# [What needs to be done]
Leave out the pictures, and print exactly the lines from the one holding "3専門教育科目(96単位)シ" through the last line of the material.

# [Available data]
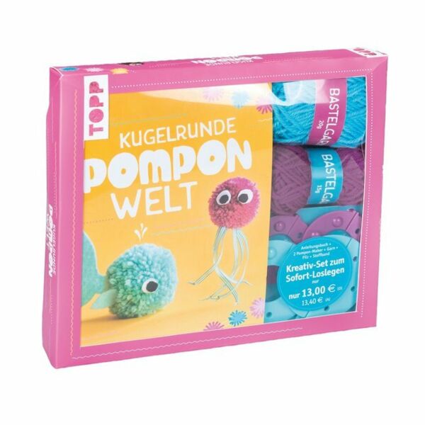 Ein toller Einstieg in die Welt der bunten Pompons und ein kreativer Zeitvertreib. Mit diesem Set für Kinder ab 6 Jahren kann sofort losgebastelt werden. Im Set enthalten ist ein Buch mit tollen Bastelideen und alles was man braucht, um einen süßen Wal und eine lustige Krake zu basteln. Zwei Pomponmaker in unterschiedlichen Größen, Wolle in zwei Farben (100% Polyacryl), Bastelfilz und Stoffband.
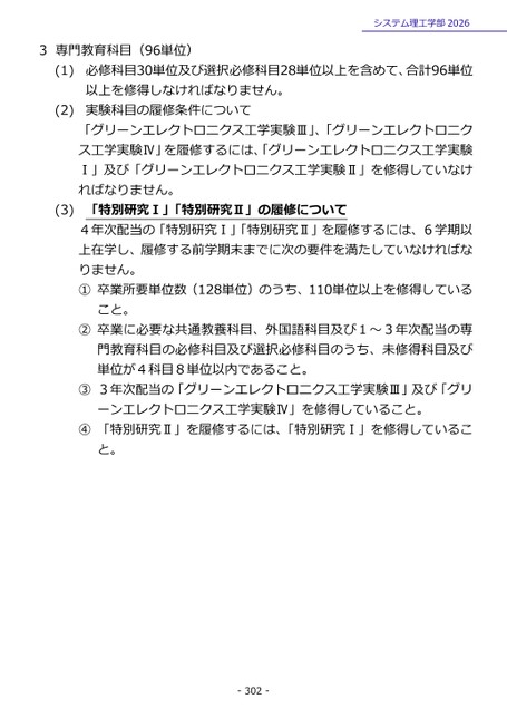 3専門教育科目(96単位)システム理工学部2026(1)(2)必修科目30単位及び選択必修科目28単位以上を含めて、合計96単位以上を修得しなければなりません。実験科目の履修条件について「グリーンエレクトロニクス工学実験Ⅲ」、「グリーンエレクトロニクス工学実験Ⅳ」を履修するには、「グリーンエレクトロニクス工学実験Ⅰ」及び「グリーンエレクトロニクス工学実験Ⅱ」を修得していなければなりません。(3)「特別研究Ⅰ」「特別研究Ⅱ」の履修について4年次配当の「特別研究Ⅰ」「特別研究Ⅱ」を履修するには、6学期以上在学し、履修する前学期末までに次の要件を満たしていなければなりません。①卒業所要単位数(128単位)のうち、110単位以上を修得していること。②卒業に必要な共通教養科目、外国語科目及び1~3年次配当の専門教育科目の必修科目及び選択必修科目のうち、未修得科目及び単位が4科目8単位以内であること。③3年次配当の「グリーンエレクトロニクス工学実験Ⅲ」及び「グリーンエレクトロニクス工学実験Ⅳ」を修得していること。④「特別研究Ⅱ」を履修するには、「特別研究Ⅰ」を修得していること。-302-
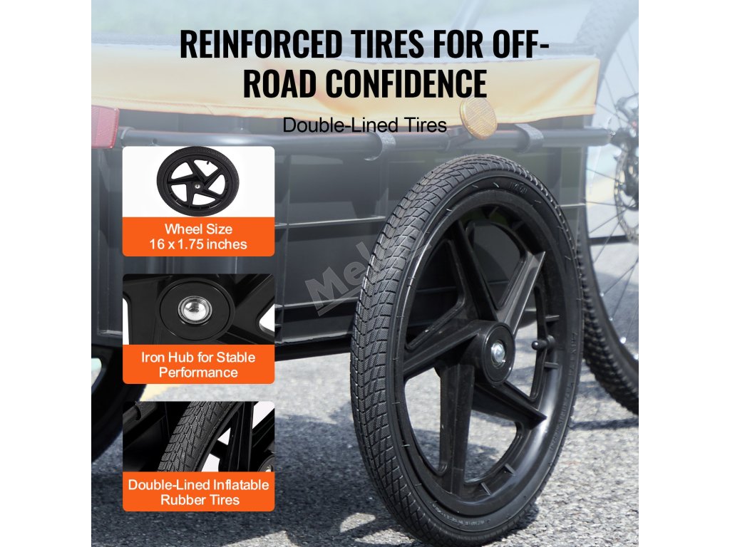 Díky sportovním pneumatikám a železným nábojům bude tento přívěs na kolo stabilní v každém terénu. Ať už jedete po chodníku nebo vyrážíte na stezky, zůstanete na silnici.
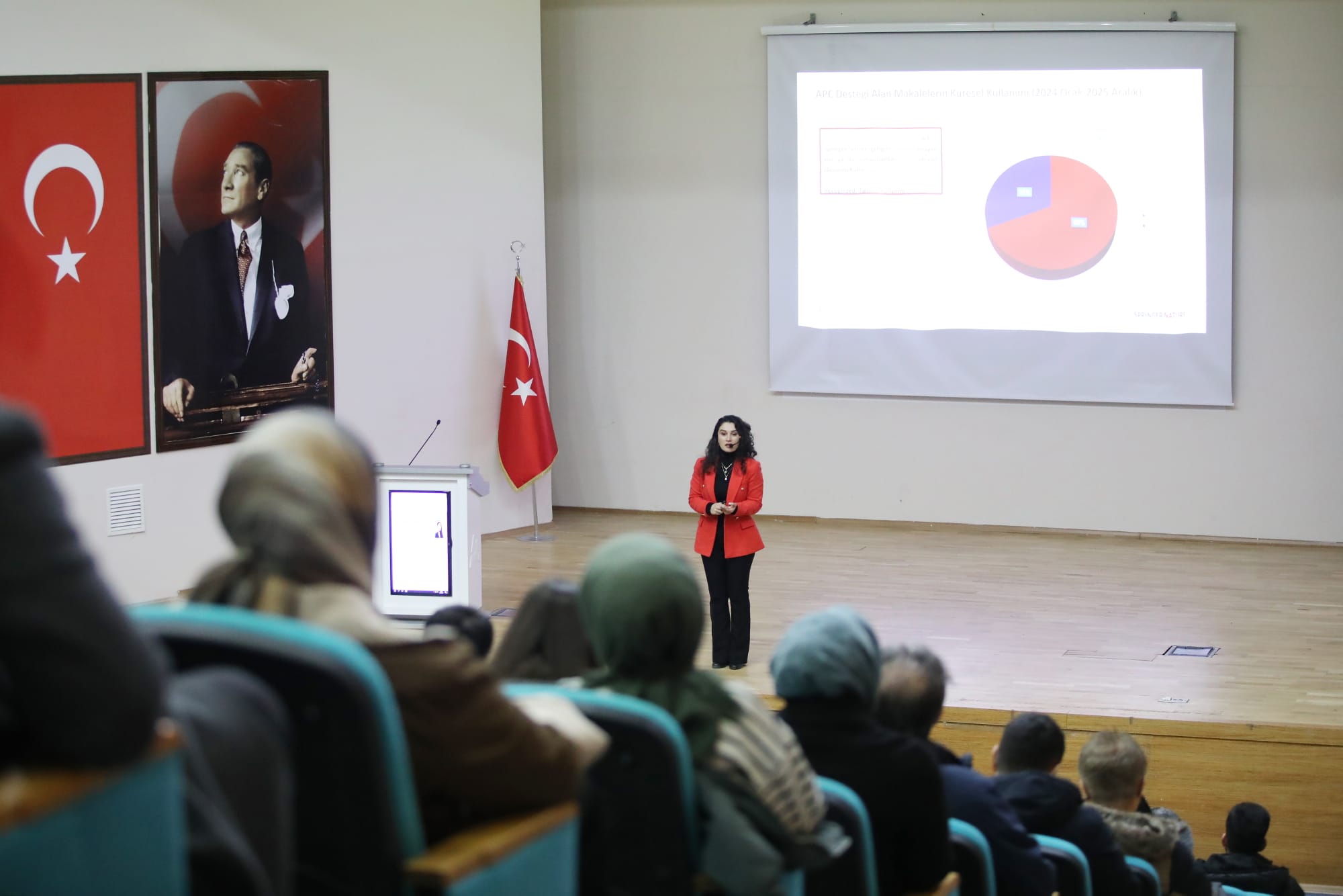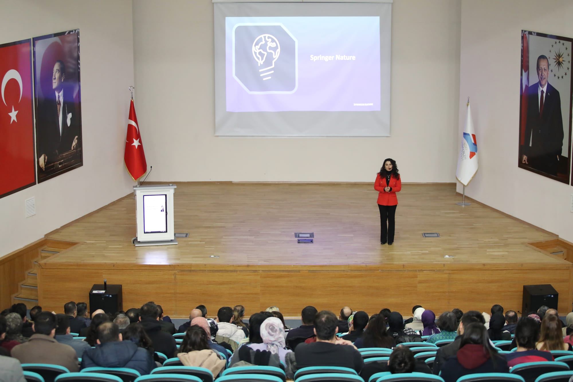 Kütüphane ve Dokümantasyon Daire Başkanlığımız tarafından Selçuklu Konferans Salonunda düzenlenen seminerde, Springer Nature Şirketi Yöneticisi Selin Şencanlı, makale hazırlama süreci, doğru dergi seçimi, başvuru aşamaları ve etkili akademik yazım konuları hakkında bilgi verdi.

# [Response to the exercise]
 3専門教育科目(96単位)システム理工学部2026(1)(2)必修科目30単位及び選択必修科目28単位以上を含めて、合計96単位以上を修得しなければなりません。実験科目の履修条件について「グリーンエレクトロニクス工学実験Ⅲ」、「グリーンエレクトロニクス工学実験Ⅳ」を履修するには、「グリーンエレクトロニクス工学実験Ⅰ」及び「グリーンエレクトロニクス工学実験Ⅱ」を修得していなければなりません。(3)「特別研究Ⅰ」「特別研究Ⅱ」の履修について4年次配当の「特別研究Ⅰ」「特別研究Ⅱ」を履修するには、6学期以上在学し、履修する前学期末までに次の要件を満たしていなければなりません。①卒業所要単位数(128単位)のうち、110単位以上を修得していること。②卒業に必要な共通教養科目、外国語科目及び1~3年次配当の専門教育科目の必修科目及び選択必修科目のうち、未修得科目及び単位が4科目8単位以内であること。③3年次配当の「グリーンエレクトロニクス工学実験Ⅲ」及び「グリーンエレクトロニクス工学実験Ⅳ」を修得していること。④「特別研究Ⅱ」を履修するには、「特別研究Ⅰ」を修得していること。-302-
 Díky sportovním pneumatikám a železným nábojům bude tento přívěs na kolo stabilní v každém terénu. Ať už jedete po chodníku nebo vyrážíte na stezky, zůstanete na silnici.
 Kütüphane ve Dokümantasyon Daire Başkanlığımız tarafından Selçuklu Konferans Salonunda düzenlenen seminerde, Springer Nature Şirketi Yöneticisi Selin Şencanlı, makale hazırlama süreci, doğru dergi seçimi, başvuru aşamaları ve etkili akademik yazım konuları hakkında bilgi verdi.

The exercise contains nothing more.